The SAVARA project has specified a draft of a "Testable Architecture Methodology" at:

http://www.jboss.org/community/wiki/TestableArchitectureMethodology

This methodology identifies several requirements for a service repository to support the management of services and their related artifacts created by SAVARA tooling.

Please review the WIKI page referenced above and comment on the WIKI page itself, or for specific discussions of repository usage, reply to this forum posting.

Thanks.

  • 1. Re: SAVARA identifies service repository usage requirements
    Gary Brown Master

    Along with reviewing the requirements of SAVARA in terms of its use of the repository, I also wanted to return to a previous topic on this forum, that of the repository structure.

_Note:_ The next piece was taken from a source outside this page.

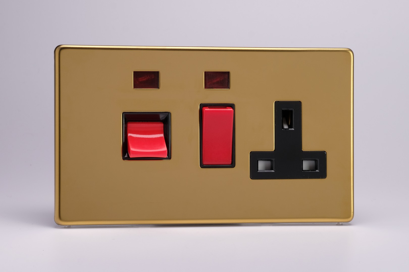 Product Description: 45A Cooker Panel with Neon with 13A Double Pole Switched Socket Outlet (Red Rocker)

    This is because one of the issues with SAVARA using the repository is that, although services are an important part of the lifecycle, SAVARA actually starts earlier in the development lifecycle, and therefore needs to deal with other types of artifacts (such as requirements and architectural models) that are defined prior to any services being created.

    In the previous thread on the topic of repository structure, I believe a hierarchy approach was being explored, where services would be contained in a top level 'services' node, and other top level nodes for 'schemas', 'policies', etc.

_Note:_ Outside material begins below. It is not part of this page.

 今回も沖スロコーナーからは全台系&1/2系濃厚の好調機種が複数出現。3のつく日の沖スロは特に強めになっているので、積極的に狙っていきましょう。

    However I see this as imposing a structure on an organisation, whereas they may want to group their services and artifacts in their own way - e.g. by business unit.

    So I was wondering whether a tag or query based approach might be better - so we have the repository as unstructured, but define the structure we want to present to a particular type of user just in the view (i.e. console).

    So for someone interested in services, that would be their main view - based on a query looking for services in the repository. Perhaps the GUI could enable the views to be customised for each user, or for the group the users belong to.

    Similarly for architects, they may only be interested in the architectural models as being their main focus.

    However, whatever artifacts/components (i.e. services) are returned from a query and presented in a user's view, it should be possible to easily navigate from those components to other related components. So in the case of a service, it should be easy to navigate to dependent contracts (wsdl), information models (ddl, xsd), etc.

    It should also be possible to easily add new dependencies to components - so if a service, then it should be possible to query other artifacts in the repository that can be associated with a service (e.g. wsdl, xsd, etc). Appropriate rules could be used to determine what artifacts can be associated with each other, and validation rules to determine whether the components and their dependencies are correct.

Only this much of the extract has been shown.